### Problem to solve
Your answer must be the listing repeated word for word, without its pictures.

### Supplied data
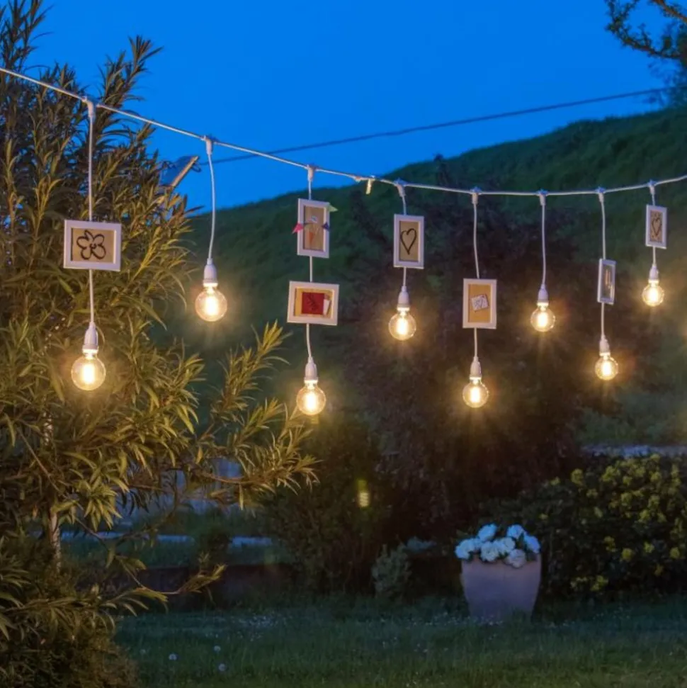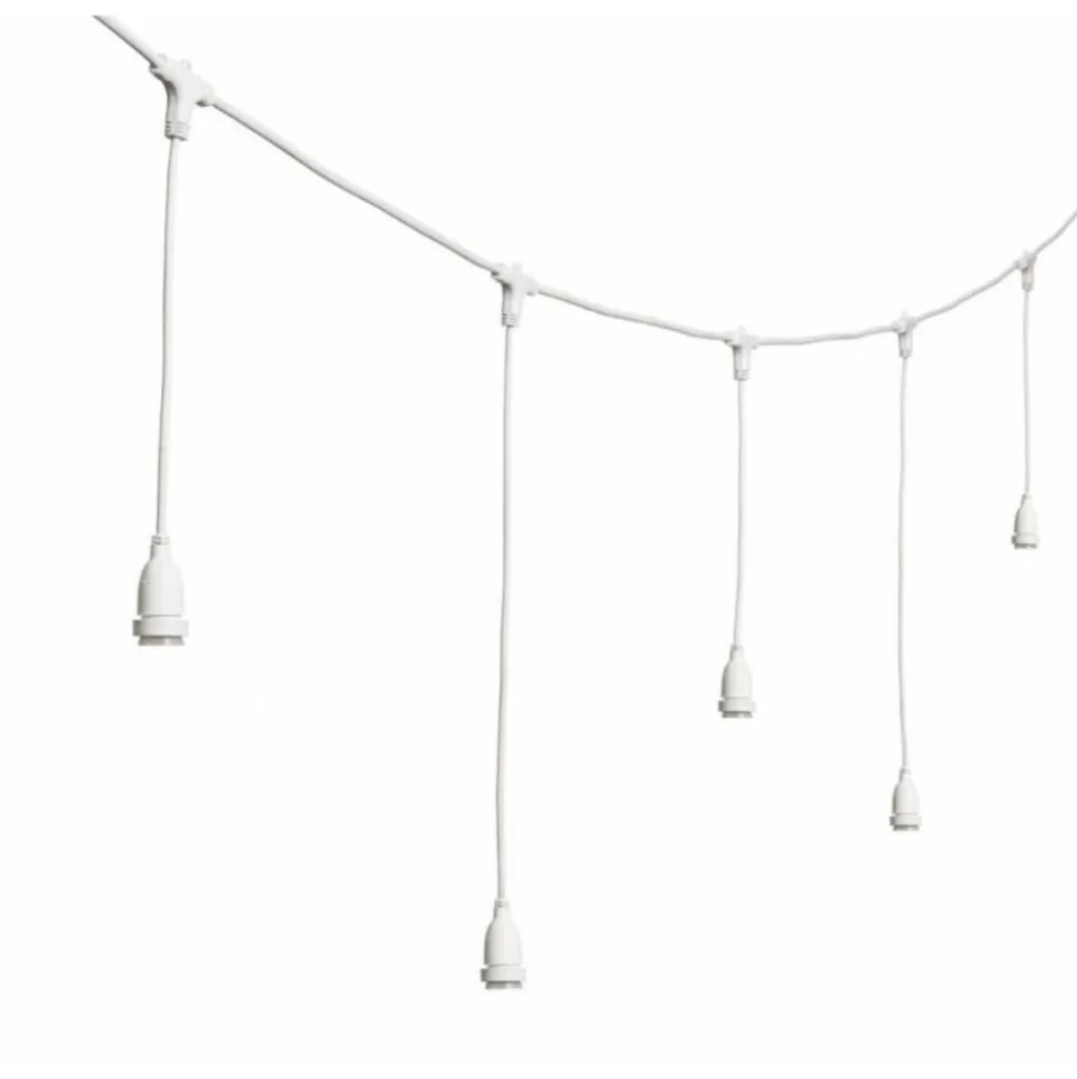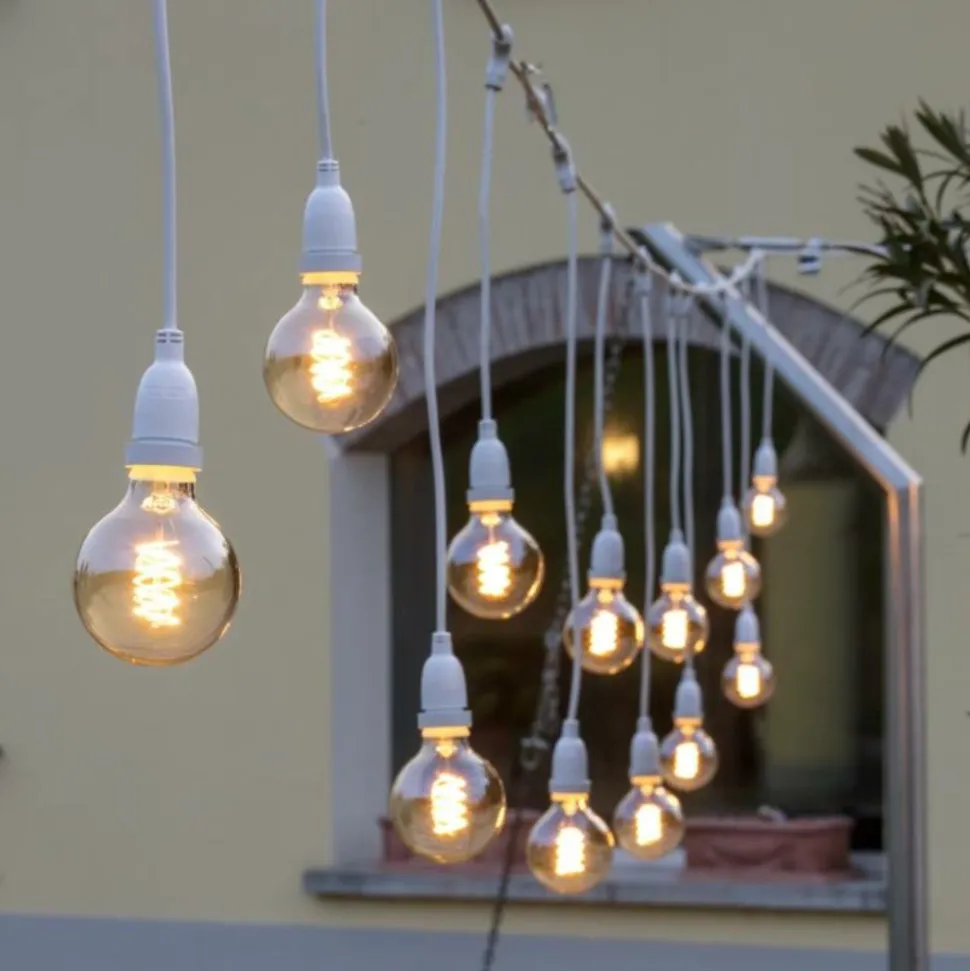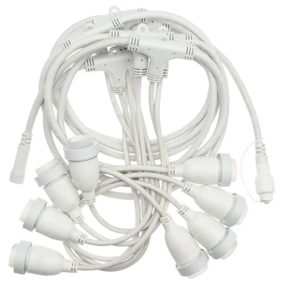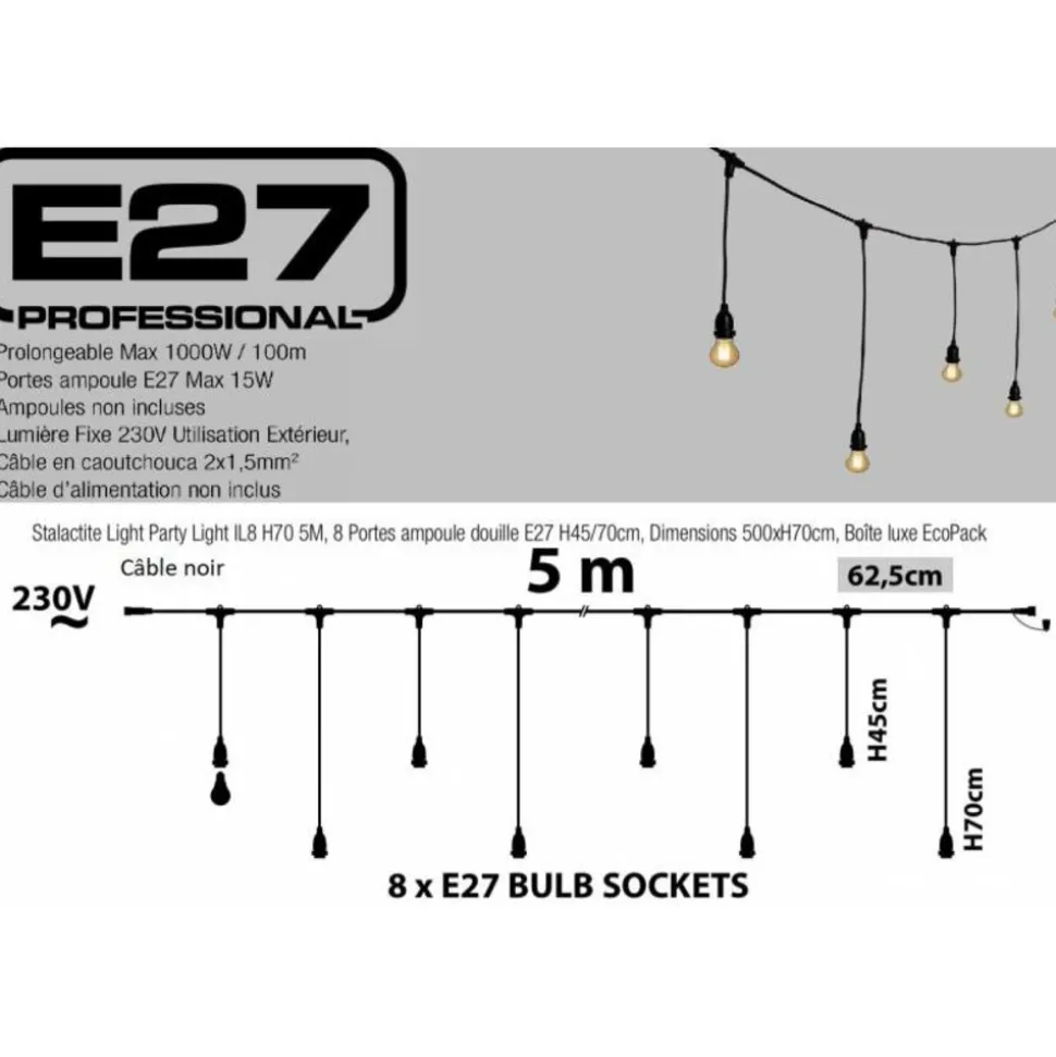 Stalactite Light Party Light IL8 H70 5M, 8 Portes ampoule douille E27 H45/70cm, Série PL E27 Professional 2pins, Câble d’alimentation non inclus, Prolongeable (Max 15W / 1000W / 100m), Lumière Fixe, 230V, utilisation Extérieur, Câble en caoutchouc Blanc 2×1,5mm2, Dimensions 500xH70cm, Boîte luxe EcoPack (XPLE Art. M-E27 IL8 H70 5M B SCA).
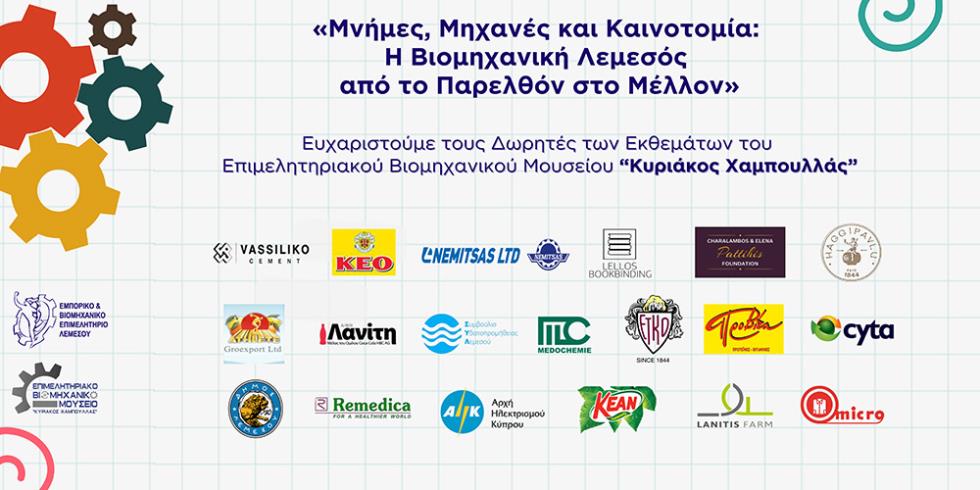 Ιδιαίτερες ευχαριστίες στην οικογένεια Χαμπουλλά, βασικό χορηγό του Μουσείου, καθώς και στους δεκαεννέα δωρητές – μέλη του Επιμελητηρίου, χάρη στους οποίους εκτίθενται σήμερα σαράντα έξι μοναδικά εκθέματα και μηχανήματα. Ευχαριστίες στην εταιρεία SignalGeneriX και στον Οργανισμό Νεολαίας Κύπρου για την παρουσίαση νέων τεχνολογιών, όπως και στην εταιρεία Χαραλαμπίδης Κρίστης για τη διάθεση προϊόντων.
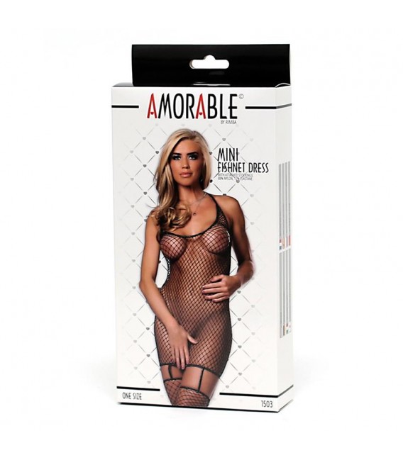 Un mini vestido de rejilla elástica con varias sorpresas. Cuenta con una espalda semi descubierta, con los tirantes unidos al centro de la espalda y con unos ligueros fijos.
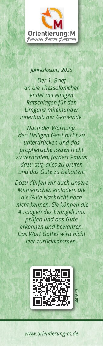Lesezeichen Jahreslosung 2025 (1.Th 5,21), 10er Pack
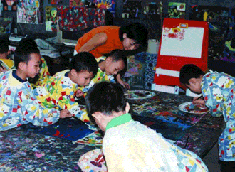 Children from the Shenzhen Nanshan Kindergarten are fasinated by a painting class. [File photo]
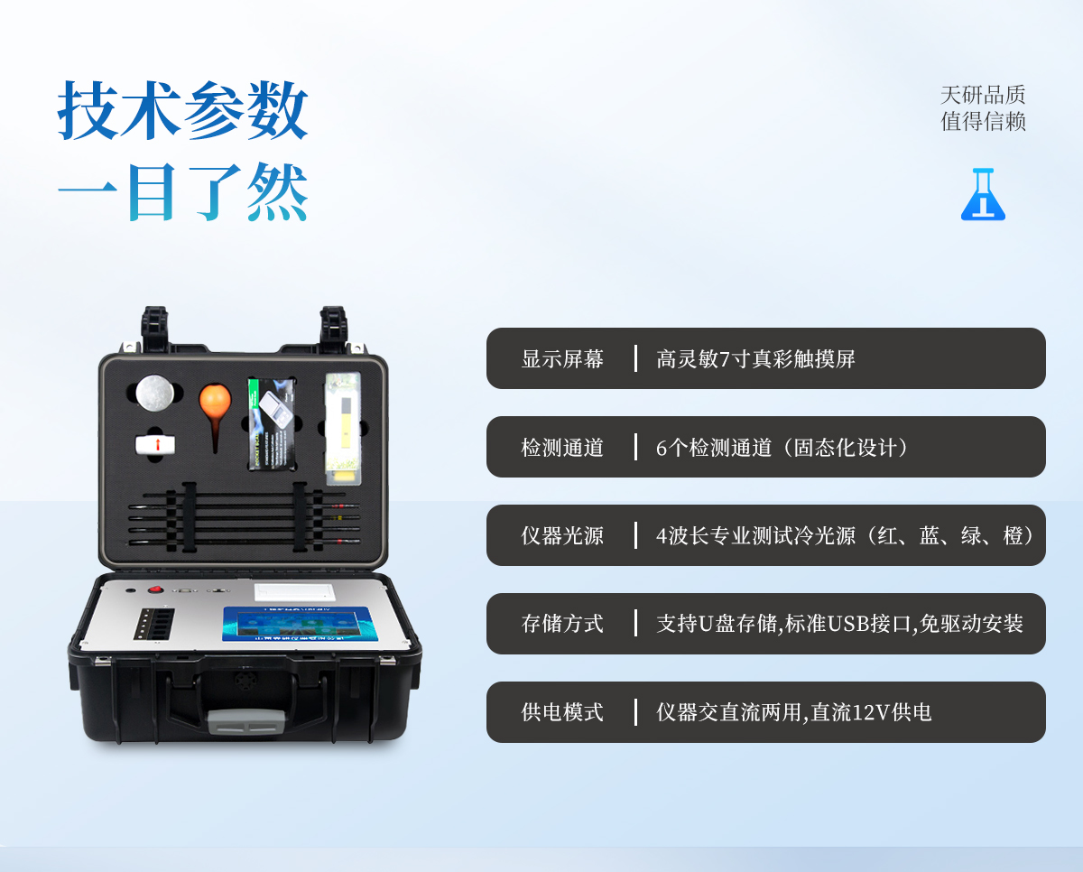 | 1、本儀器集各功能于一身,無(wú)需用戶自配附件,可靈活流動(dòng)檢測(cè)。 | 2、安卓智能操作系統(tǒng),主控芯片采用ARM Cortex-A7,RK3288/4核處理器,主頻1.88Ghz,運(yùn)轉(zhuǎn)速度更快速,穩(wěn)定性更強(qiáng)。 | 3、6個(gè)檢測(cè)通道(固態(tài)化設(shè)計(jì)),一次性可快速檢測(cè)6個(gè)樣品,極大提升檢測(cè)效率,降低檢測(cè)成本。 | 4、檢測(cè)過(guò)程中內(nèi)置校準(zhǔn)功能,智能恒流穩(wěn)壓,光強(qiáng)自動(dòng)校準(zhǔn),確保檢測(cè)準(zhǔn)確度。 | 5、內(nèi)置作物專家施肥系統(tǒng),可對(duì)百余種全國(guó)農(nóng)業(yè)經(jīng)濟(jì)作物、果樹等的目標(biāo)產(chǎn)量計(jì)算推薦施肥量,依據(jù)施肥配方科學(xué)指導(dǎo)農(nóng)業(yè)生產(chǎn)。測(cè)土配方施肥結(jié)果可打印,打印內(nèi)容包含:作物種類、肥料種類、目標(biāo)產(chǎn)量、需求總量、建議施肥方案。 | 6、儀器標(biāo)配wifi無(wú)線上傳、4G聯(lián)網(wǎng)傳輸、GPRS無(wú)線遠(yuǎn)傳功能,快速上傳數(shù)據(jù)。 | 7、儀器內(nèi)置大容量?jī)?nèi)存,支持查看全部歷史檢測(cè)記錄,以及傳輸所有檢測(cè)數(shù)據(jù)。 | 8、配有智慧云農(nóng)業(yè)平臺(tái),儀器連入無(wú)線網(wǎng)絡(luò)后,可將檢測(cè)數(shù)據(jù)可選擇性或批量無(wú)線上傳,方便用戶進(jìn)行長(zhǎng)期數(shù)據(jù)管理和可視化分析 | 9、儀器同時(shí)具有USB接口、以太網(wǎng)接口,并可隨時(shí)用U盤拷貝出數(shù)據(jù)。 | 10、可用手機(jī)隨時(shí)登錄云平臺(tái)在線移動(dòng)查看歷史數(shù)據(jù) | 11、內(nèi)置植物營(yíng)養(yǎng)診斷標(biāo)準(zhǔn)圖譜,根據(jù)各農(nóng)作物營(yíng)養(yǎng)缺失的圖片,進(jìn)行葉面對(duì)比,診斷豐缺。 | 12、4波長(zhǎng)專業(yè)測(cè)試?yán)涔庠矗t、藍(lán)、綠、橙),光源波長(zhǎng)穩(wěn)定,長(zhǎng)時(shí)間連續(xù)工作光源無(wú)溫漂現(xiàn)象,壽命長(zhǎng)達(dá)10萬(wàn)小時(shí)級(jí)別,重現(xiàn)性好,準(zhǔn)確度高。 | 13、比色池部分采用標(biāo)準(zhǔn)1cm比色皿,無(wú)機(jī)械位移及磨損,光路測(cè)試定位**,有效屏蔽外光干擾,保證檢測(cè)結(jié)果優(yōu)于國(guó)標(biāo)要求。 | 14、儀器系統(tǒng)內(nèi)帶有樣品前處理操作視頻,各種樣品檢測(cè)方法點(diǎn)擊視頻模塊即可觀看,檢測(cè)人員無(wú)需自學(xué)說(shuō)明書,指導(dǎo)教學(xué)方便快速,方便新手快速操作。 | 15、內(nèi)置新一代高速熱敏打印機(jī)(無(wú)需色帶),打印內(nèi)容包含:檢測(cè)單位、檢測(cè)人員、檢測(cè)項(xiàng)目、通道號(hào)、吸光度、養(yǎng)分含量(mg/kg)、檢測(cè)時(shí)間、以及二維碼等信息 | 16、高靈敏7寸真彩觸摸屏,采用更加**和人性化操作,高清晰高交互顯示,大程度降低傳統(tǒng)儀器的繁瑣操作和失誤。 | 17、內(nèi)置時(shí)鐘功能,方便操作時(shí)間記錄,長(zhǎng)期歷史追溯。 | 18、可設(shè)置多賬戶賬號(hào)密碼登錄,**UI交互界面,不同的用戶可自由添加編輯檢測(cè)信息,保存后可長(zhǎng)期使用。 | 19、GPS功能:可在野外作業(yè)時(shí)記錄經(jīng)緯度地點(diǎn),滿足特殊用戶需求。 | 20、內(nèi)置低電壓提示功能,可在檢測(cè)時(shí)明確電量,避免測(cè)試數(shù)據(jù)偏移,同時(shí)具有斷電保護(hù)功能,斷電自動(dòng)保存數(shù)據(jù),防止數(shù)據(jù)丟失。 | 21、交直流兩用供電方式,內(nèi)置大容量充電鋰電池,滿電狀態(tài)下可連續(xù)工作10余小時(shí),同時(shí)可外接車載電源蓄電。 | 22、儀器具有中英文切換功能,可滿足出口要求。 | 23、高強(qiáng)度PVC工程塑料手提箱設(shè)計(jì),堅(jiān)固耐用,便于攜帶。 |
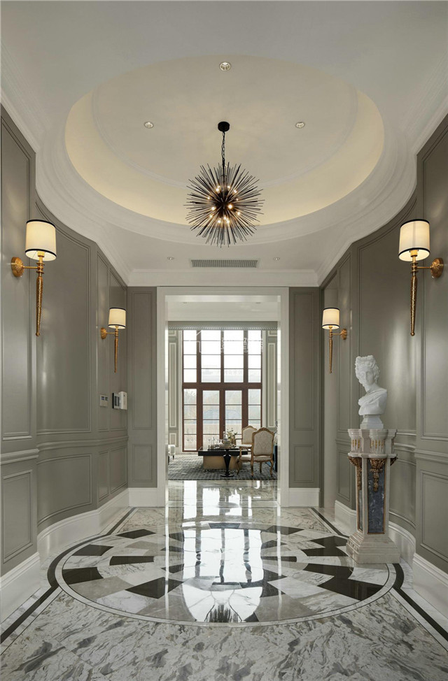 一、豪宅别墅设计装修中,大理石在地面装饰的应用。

### Solution below
 Stalactite Light Party Light IL8 H70 5M, 8 Portes ampoule douille E27 H45/70cm, Série PL E27 Professional 2pins, Câble d’alimentation non inclus, Prolongeable (Max 15W / 1000W / 100m), Lumière Fixe, 230V, utilisation Extérieur, Câble en caoutchouc Blanc 2×1,5mm2, Dimensions 500xH70cm, Boîte luxe EcoPack (XPLE Art. M-E27 IL8 H70 5M B SCA).
 Ιδιαίτερες ευχαριστίες στην οικογένεια Χαμπουλλά, βασικό χορηγό του Μουσείου, καθώς και στους δεκαεννέα δωρητές – μέλη του Επιμελητηρίου, χάρη στους οποίους εκτίθενται σήμερα σαράντα έξι μοναδικά εκθέματα και μηχανήματα. Ευχαριστίες στην εταιρεία SignalGeneriX και στον Οργανισμό Νεολαίας Κύπρου για την παρουσίαση νέων τεχνολογιών, όπως και στην εταιρεία Χαραλαμπίδης Κρίστης για τη διάθεση προϊόντων.
 Un mini vestido de rejilla elástica con varias sorpresas. Cuenta con una espalda semi descubierta, con los tirantes unidos al centro de la espalda y con unos ligueros fijos.
Lesezeichen Jahreslosung 2025 (1.Th 5,21), 10er Pack
 Children from the Shenzhen Nanshan Kindergarten are fasinated by a painting class. [File photo]
 | 1、本儀器集各功能于一身,無(wú)需用戶自配附件,可靈活流動(dòng)檢測(cè)。 | 2、安卓智能操作系統(tǒng),主控芯片采用ARM Cortex-A7,RK3288/4核處理器,主頻1.88Ghz,運(yùn)轉(zhuǎn)速度更快速,穩(wěn)定性更強(qiáng)。 | 3、6個(gè)檢測(cè)通道(固態(tài)化設(shè)計(jì)),一次性可快速檢測(cè)6個(gè)樣品,極大提升檢測(cè)效率,降低檢測(cè)成本。 | 4、檢測(cè)過(guò)程中內(nèi)置校準(zhǔn)功能,智能恒流穩(wěn)壓,光強(qiáng)自動(dòng)校準(zhǔn),確保檢測(cè)準(zhǔn)確度。 | 5、內(nèi)置作物專家施肥系統(tǒng),可對(duì)百余種全國(guó)農(nóng)業(yè)經(jīng)濟(jì)作物、果樹等的目標(biāo)產(chǎn)量計(jì)算推薦施肥量,依據(jù)施肥配方科學(xué)指導(dǎo)農(nóng)業(yè)生產(chǎn)。測(cè)土配方施肥結(jié)果可打印,打印內(nèi)容包含:作物種類、肥料種類、目標(biāo)產(chǎn)量、需求總量、建議施肥方案。 | 6、儀器標(biāo)配wifi無(wú)線上傳、4G聯(lián)網(wǎng)傳輸、GPRS無(wú)線遠(yuǎn)傳功能,快速上傳數(shù)據(jù)。 | 7、儀器內(nèi)置大容量?jī)?nèi)存,支持查看全部歷史檢測(cè)記錄,以及傳輸所有檢測(cè)數(shù)據(jù)。 | 8、配有智慧云農(nóng)業(yè)平臺(tái),儀器連入無(wú)線網(wǎng)絡(luò)后,可將檢測(cè)數(shù)據(jù)可選擇性或批量無(wú)線上傳,方便用戶進(jìn)行長(zhǎng)期數(shù)據(jù)管理和可視化分析 | 9、儀器同時(shí)具有USB接口、以太網(wǎng)接口,并可隨時(shí)用U盤拷貝出數(shù)據(jù)。 | 10、可用手機(jī)隨時(shí)登錄云平臺(tái)在線移動(dòng)查看歷史數(shù)據(jù) | 11、內(nèi)置植物營(yíng)養(yǎng)診斷標(biāo)準(zhǔn)圖譜,根據(jù)各農(nóng)作物營(yíng)養(yǎng)缺失的圖片,進(jìn)行葉面對(duì)比,診斷豐缺。 | 12、4波長(zhǎng)專業(yè)測(cè)試?yán)涔庠矗t、藍(lán)、綠、橙),光源波長(zhǎng)穩(wěn)定,長(zhǎng)時(shí)間連續(xù)工作光源無(wú)溫漂現(xiàn)象,壽命長(zhǎng)達(dá)10萬(wàn)小時(shí)級(jí)別,重現(xiàn)性好,準(zhǔn)確度高。 | 13、比色池部分采用標(biāo)準(zhǔn)1cm比色皿,無(wú)機(jī)械位移及磨損,光路測(cè)試定位**,有效屏蔽外光干擾,保證檢測(cè)結(jié)果優(yōu)于國(guó)標(biāo)要求。 | 14、儀器系統(tǒng)內(nèi)帶有樣品前處理操作視頻,各種樣品檢測(cè)方法點(diǎn)擊視頻模塊即可觀看,檢測(cè)人員無(wú)需自學(xué)說(shuō)明書,指導(dǎo)教學(xué)方便快速,方便新手快速操作。 | 15、內(nèi)置新一代高速熱敏打印機(jī)(無(wú)需色帶),打印內(nèi)容包含:檢測(cè)單位、檢測(cè)人員、檢測(cè)項(xiàng)目、通道號(hào)、吸光度、養(yǎng)分含量(mg/kg)、檢測(cè)時(shí)間、以及二維碼等信息 | 16、高靈敏7寸真彩觸摸屏,采用更加**和人性化操作,高清晰高交互顯示,大程度降低傳統(tǒng)儀器的繁瑣操作和失誤。 | 17、內(nèi)置時(shí)鐘功能,方便操作時(shí)間記錄,長(zhǎng)期歷史追溯。 | 18、可設(shè)置多賬戶賬號(hào)密碼登錄,**UI交互界面,不同的用戶可自由添加編輯檢測(cè)信息,保存后可長(zhǎng)期使用。 | 19、GPS功能:可在野外作業(yè)時(shí)記錄經(jīng)緯度地點(diǎn),滿足特殊用戶需求。 | 20、內(nèi)置低電壓提示功能,可在檢測(cè)時(shí)明確電量,避免測(cè)試數(shù)據(jù)偏移,同時(shí)具有斷電保護(hù)功能,斷電自動(dòng)保存數(shù)據(jù),防止數(shù)據(jù)丟失。 | 21、交直流兩用供電方式,內(nèi)置大容量充電鋰電池,滿電狀態(tài)下可連續(xù)工作10余小時(shí),同時(shí)可外接車載電源蓄電。 | 22、儀器具有中英文切換功能,可滿足出口要求。 | 23、高強(qiáng)度PVC工程塑料手提箱設(shè)計(jì),堅(jiān)固耐用,便于攜帶。 |
 一、豪宅别墅设计装修中,大理石在地面装饰的应用。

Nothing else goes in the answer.